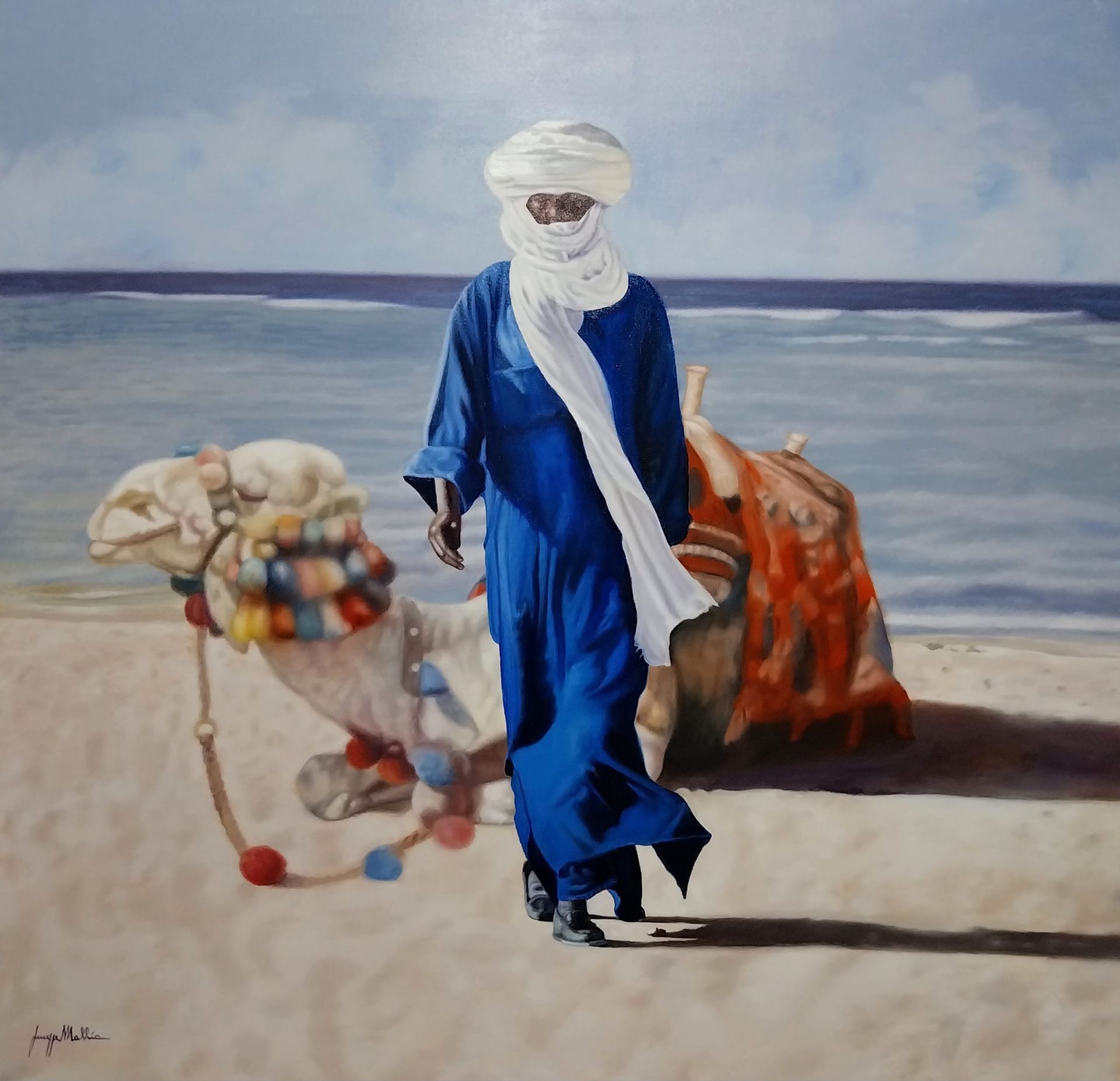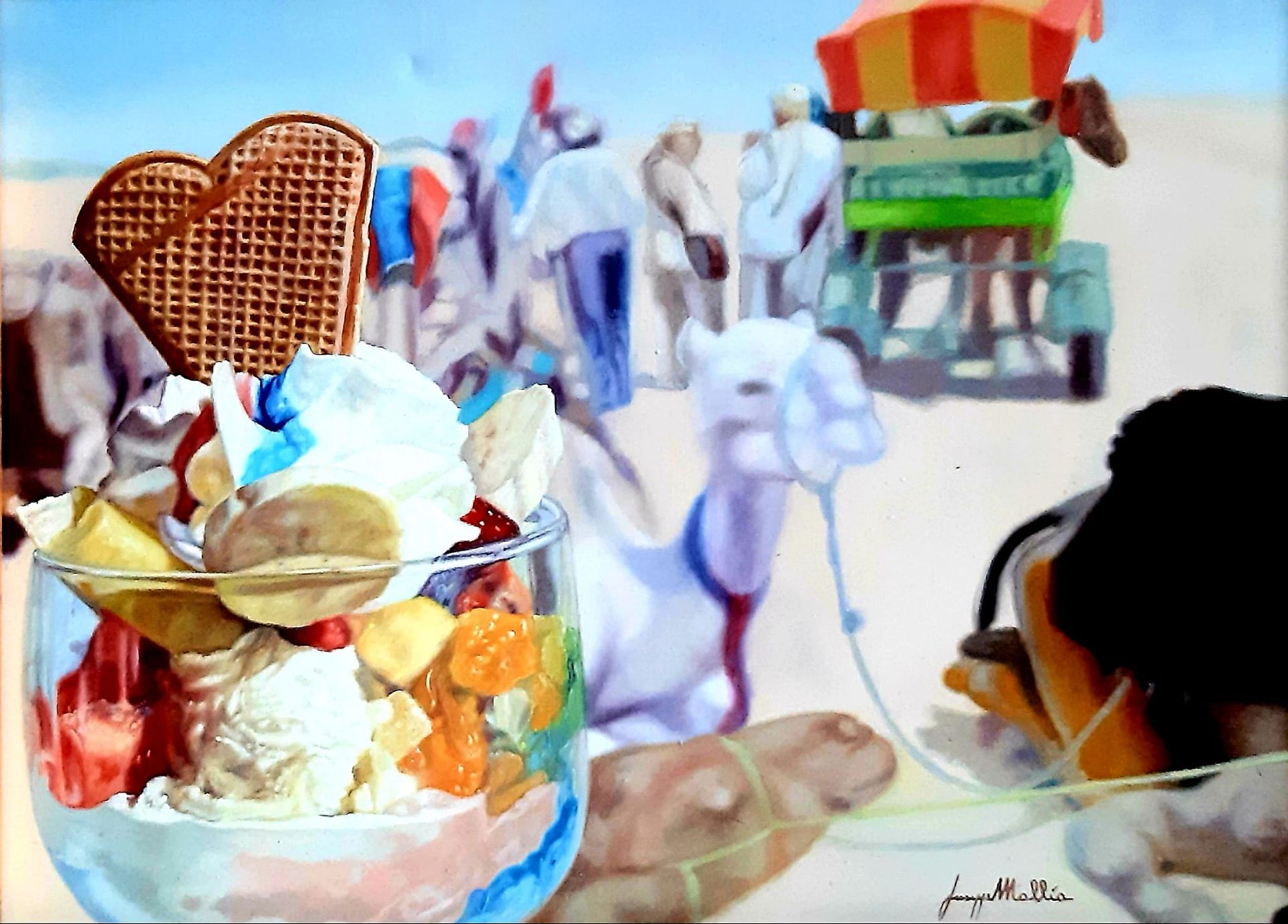Su un ripiano erano stati ordinatamente sistemati, probabilmente in attesa di essere esposti a breve, i quadri di Giuseppe Mallia. Immediatamente mi hanno colpito per un realismo sorprendente ed estremamente intrigante. Immersi nel deserto, a riposo o in cammino, si scorgono cammelli dipinti con uno stile preciso e inappuntabili, sia dal punto di vista coloristico - i quadri paiono dipinti “in punta di pennello”, specie in certi minuti dettagli chiaroscurali – che prospettico. Questi due elementi, estremamente congiunti, non si risolvono in una semplice resa calligrafica dei soggetti, ma anzi diventano i cardini attorno ai quali Giuseppe Mallia struttura delle visioni che assumono il fascino del sogno e il piacere dell’idillio. La sua è, dunque, una pittura estremamente accattivante, sincera nel profondo e dunque estremamente godibile, capace di unire saldamente visione e rappresentazione".
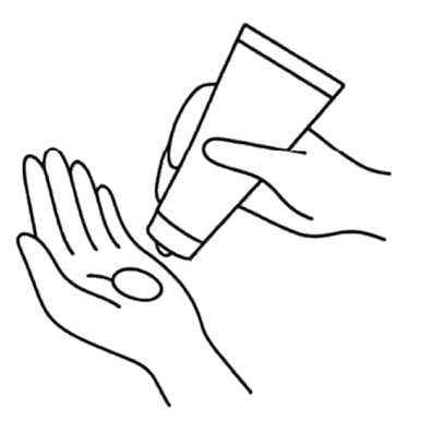 クリームを適量(小豆粒大~真珠粒大)取り出し手のひら全体に広げるように塗布。
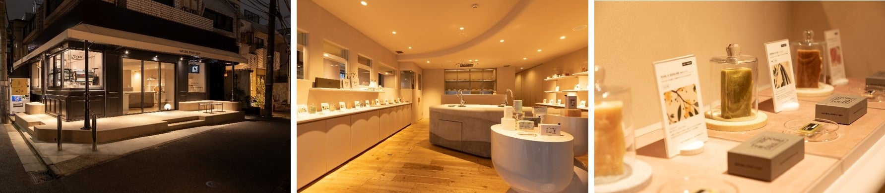 「THE COLD PROCESS表参道本店」の店内外に広がるナチュラルな素材感や丸みを帯びた柔らかなフォルムは人の健やかな肌をイメージ。店内のディスプレイには使われなくなった人工大理石をリユースし、環境にも配慮しています。
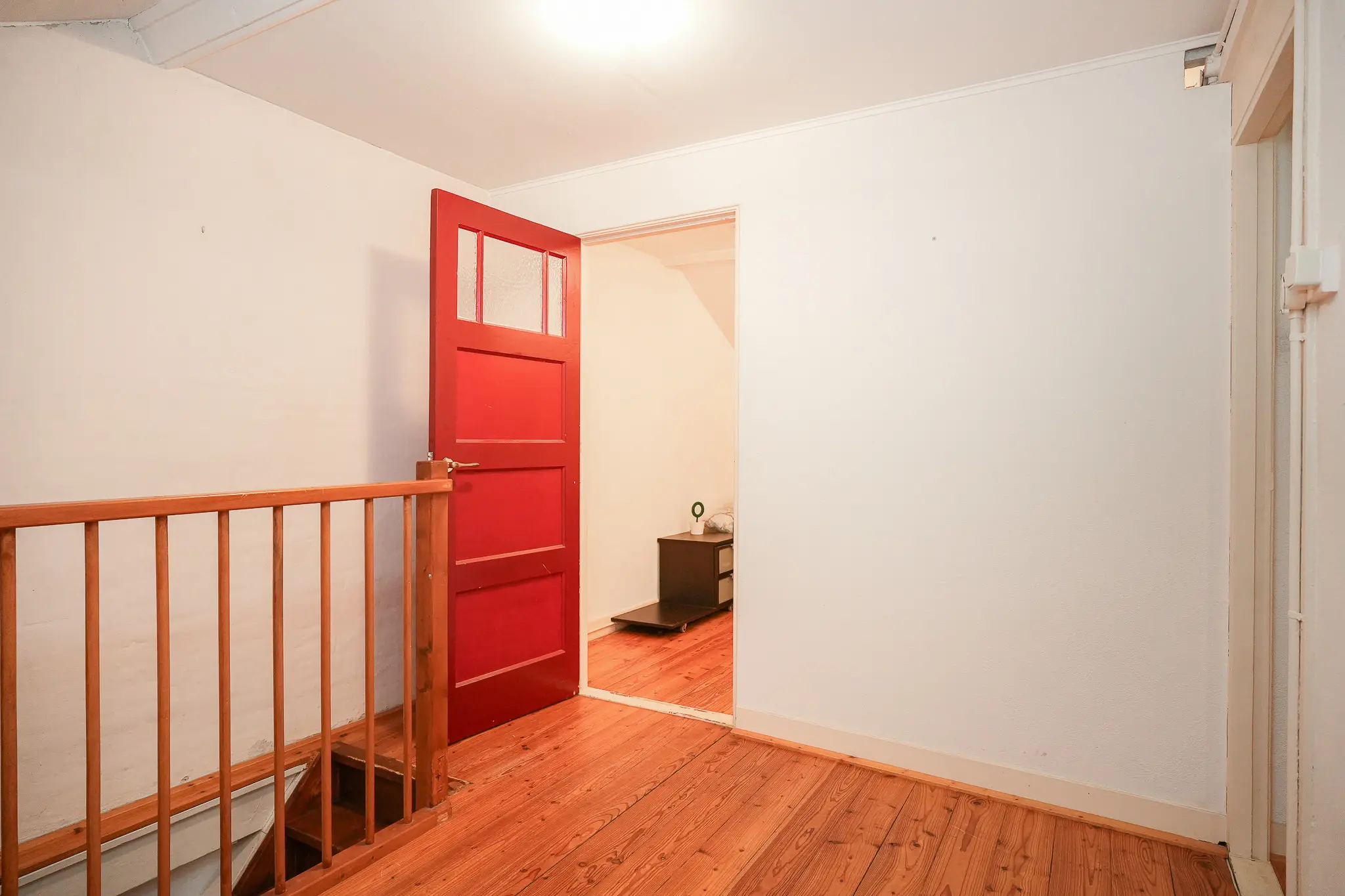 De verdieping is verrassend ruim en volledig ingericht met houten vloerdelen. De overloop biedt een praktische werk- of studeerhoek.
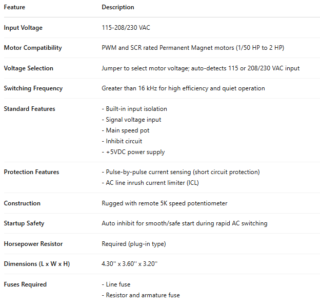 Motor Compatibility PWM and SCR rated Permanent Magnet motors (1/50 HP to 2 HP)
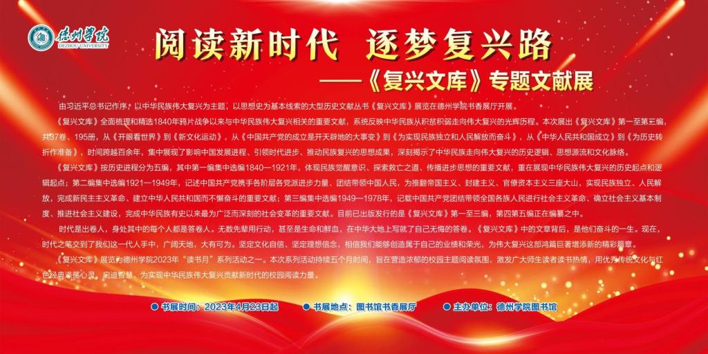 《复兴文库》展览为beat365官方网站2023年“读书月”系列活动之一。“读书月”系列活动持续五个月时间,旨在营造浓郁的校园主题阅读氛围,激发广大师生读者读书热情,用优秀传统文化与红色经典涤荡心灵、启迪智慧,为实现中华民族伟大复兴贡献新时代的校园阅读力量。
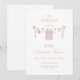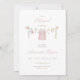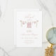 A soft and feminine watercolor baby shower invitation featuring pink baby clothes hanging on a twine clothesline. This editable design is perfect for celebrating a sweet little girl with a warm, elegant touch. Ideal for modern or vintage-style baby showers.
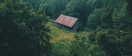 Rustic barn surrounded by lush greenery captured from above in vivid contrast colors
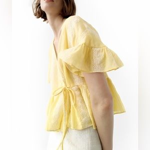 Zara Ruffled Sleeve Embroidered Peasant Wrap Top Yellow Size Medium
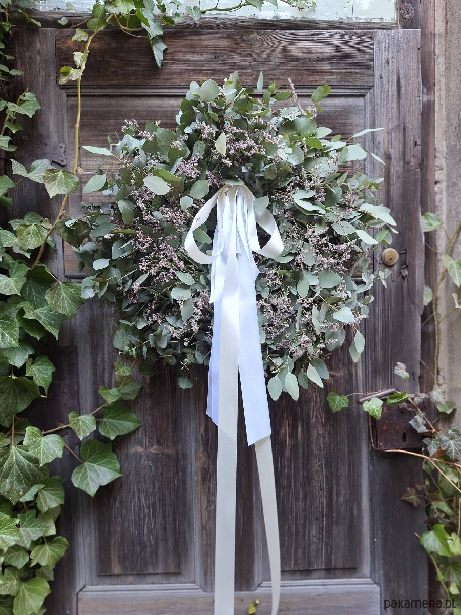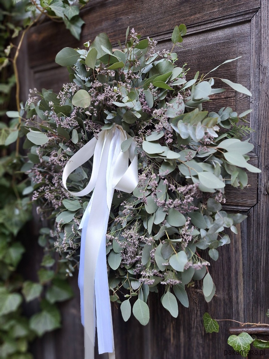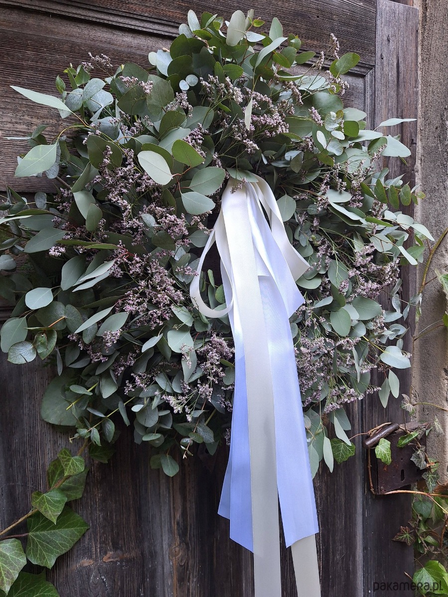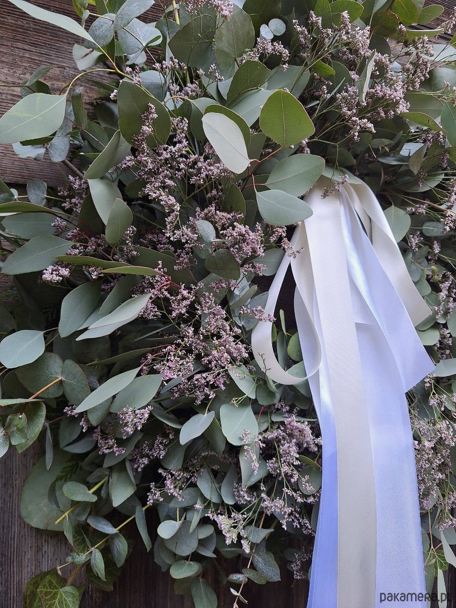 Wianek zrobiony z gałązek eukaliptusa i filetowego limonium białą długą wstążką
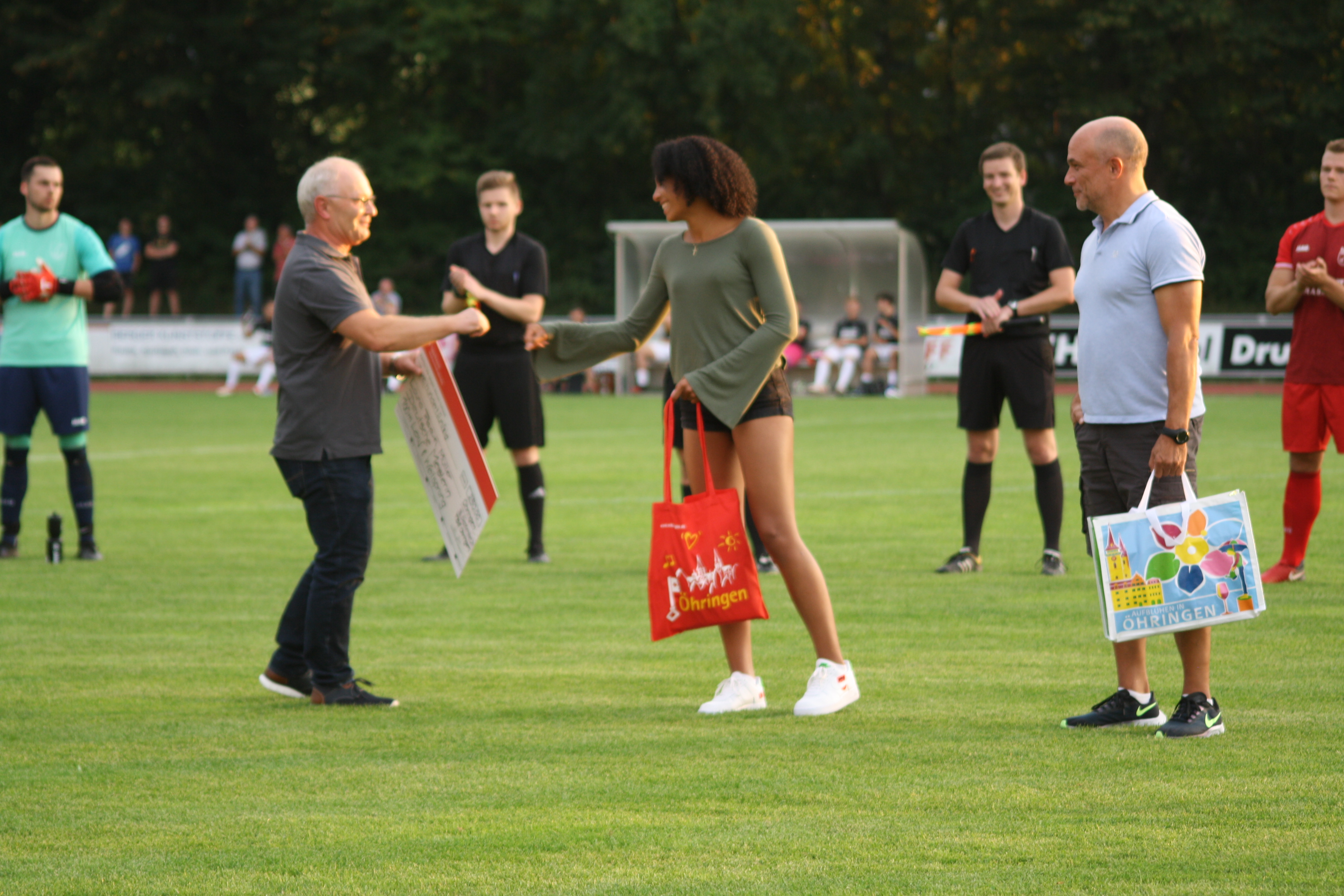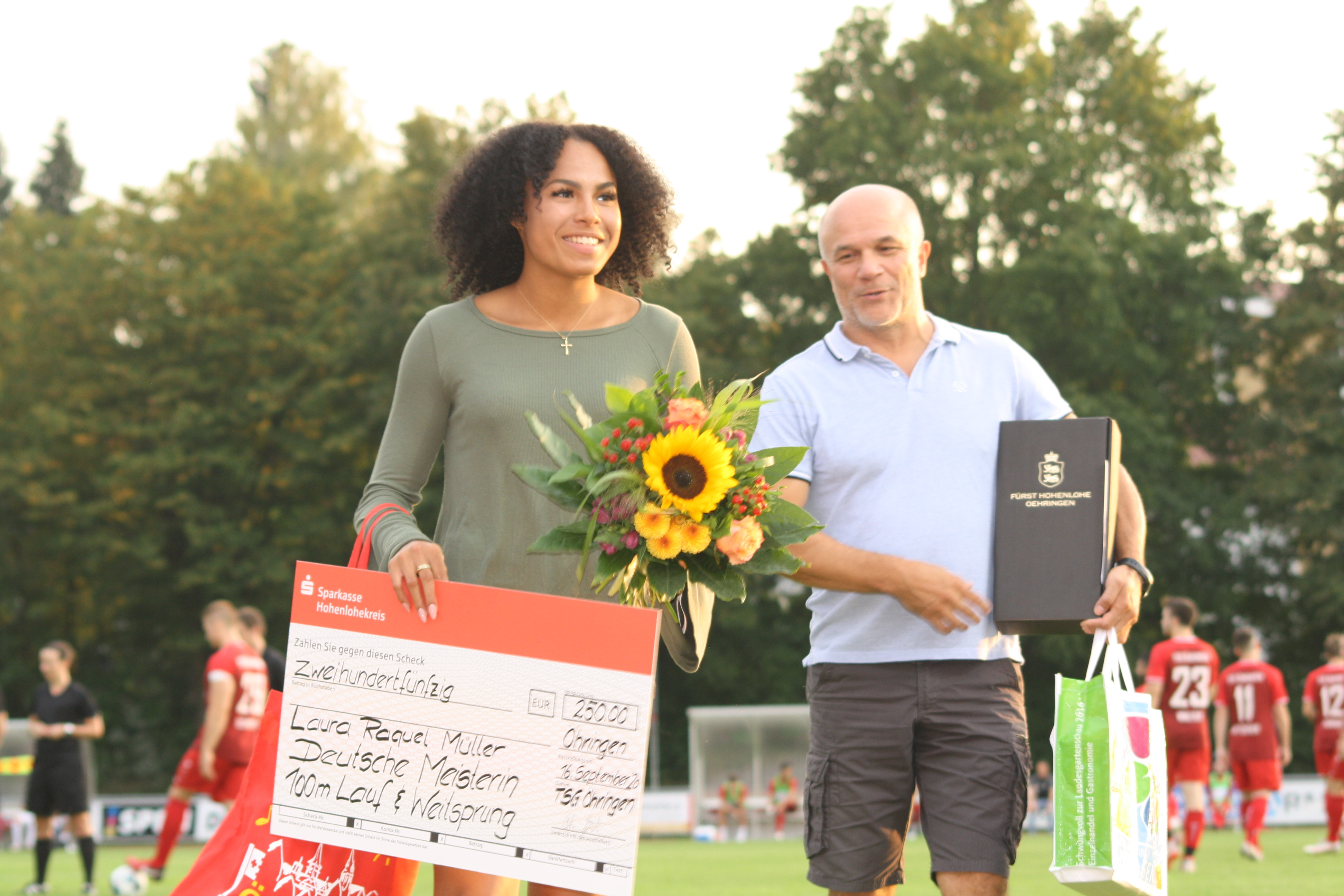 Die Stadt Öhringen, in Person von Oberbürgermeister Thilo Michler, und die TSG Öhringen ehrten sie und ihren erfolgreichen Trainer + Vater mit Schecks und Präsenten.

────────────────

None of the pictures belong in the copy. Write out exactly the lines from the line that holds "Zara Ruffled Sleeve" through the last line of the listing above, both ends included.

Response area —
 Zara Ruffled Sleeve Embroidered Peasant Wrap Top Yellow Size Medium
 Wianek zrobiony z gałązek eukaliptusa i filetowego limonium białą długą wstążką
 Die Stadt Öhringen, in Person von Oberbürgermeister Thilo Michler, und die TSG Öhringen ehrten sie und ihren erfolgreichen Trainer + Vater mit Schecks und Präsenten.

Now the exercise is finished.